I am going to keep working on the cudaMemcpy myself and if I get somting that works I will post for others.



Yeah I wasn’t sure about the allocation. Thought it might be possible but I could see that it wouldn’t work.

The one large array approach is pretty similar to how you would do it on the CPU. Basically allocate an 2D space that you want and then use cudaMemcpy2D to copy into the correct location. I have a whole cache class system built in C++ but here is a basic overview of how it works.

unsigned short*	mDeviceData;

cudaMallocPitch((void**)&mDeviceData, &mPitch, width * numBands * bytesPerBand, height);

mSize[0] = width;

mSize[1] = height;

load(unsigned short* buffer, const int x, const int y, const int width, const int height)


  cudaError_t err;

  int xOffset = x % mSize[0];

  int yOffset = y % mSize[1];

 err = cudaMemcpy2D(((char*)mDeviceData) + ((yOffset * mPitch) + (xOffset * sizeof(unsigned short))), mPitch,  buffer, width * sizeof(unsigned short), width * sizeof(unsigned short), height, cudaMemcpyHostToDevice);

  if (err != cudaSuccess)


	std::cerr << "Failed to copy data onto the GPU: " << err << std::endl;



read(const int x, const int y, const int width, const int height, unsigned short* buffer)


  cudaError_t err;

  int xOffset = x % mSize[0];

  int yOffset = y % mSize[1];

 err = cudaMemcpy2D((void*)buffer, width * sizeof(unsigned short), ((char*)mDeviceData) + ((yOffset * mPitch) + (xOffset * sizeof(unsigned short)), mPitch, width * sizeof(unsigned short), height, cudaMemcpyDeviceToHost);

  if (err != cudaSuccess)


	std::cerr << "Failed to copy data from the GPU: " << err << std::endl;



I then call load passing in a buffer I want copied onto the device and call read to copy data out of the device. I assume that I will always load or read without wrapping, so I don’t have to do multiple I/O to the device. I am creating a 12000x1024 buffer to run convolution kernels on a very large image. I stream data from disk onto the buffer and run the kernel(s) when I have loaded a reasonably large chunk of the buffer onto the device. Once the data is processed I copy the data off the device and allow new data to be loading in its place.

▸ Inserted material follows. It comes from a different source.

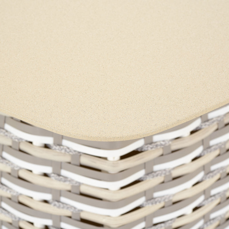 Măsuță cafea exterior Bora Bora. Practică și ușor de integrat în cadrul amenajării din exterior, măsuța de cafea Bora Bora vă poartă cu gândul la vacanță. Măsuța este realizată din materiale rezistente, care îi asigură durabilitatea și are o cromatică luminoasă și versatilă.

The kernels have to know how to address the memory correctly as well. This means that they will need to do quite a bit of modulus math. I’m hoping to optimize the calls, as the programming guide states that integer modulus math is quite slow. Right now it seems pretty good so I’m not too worried.

What I’d really like to see though is a way to asynchronously copy data into the buffer while the kernel is working on a different section. This would allow me to hide the load and reading of the data onto the device.

Also note that if you aren’t running any kernels that require multiple passes then you likely can use textures instead. Textures already support WRAP mode addressing which is what you want. But textures are read-only so you have to do device to device copies if you want to do multiple passes. The convolutionSeperable and convolutionTexture examples are good to look through.

downey Thanks agian!

I figured out what my problem was earlier when I was trying to do a memcopy into the middle of an array on the device. That is kinda what lead me down this path. I am sure your example will help lots of folks and I am posting mine that works on 1d arrays to help as well




I am sure that alot of folks know how to do this, but in case there are others (like me) then this example should work.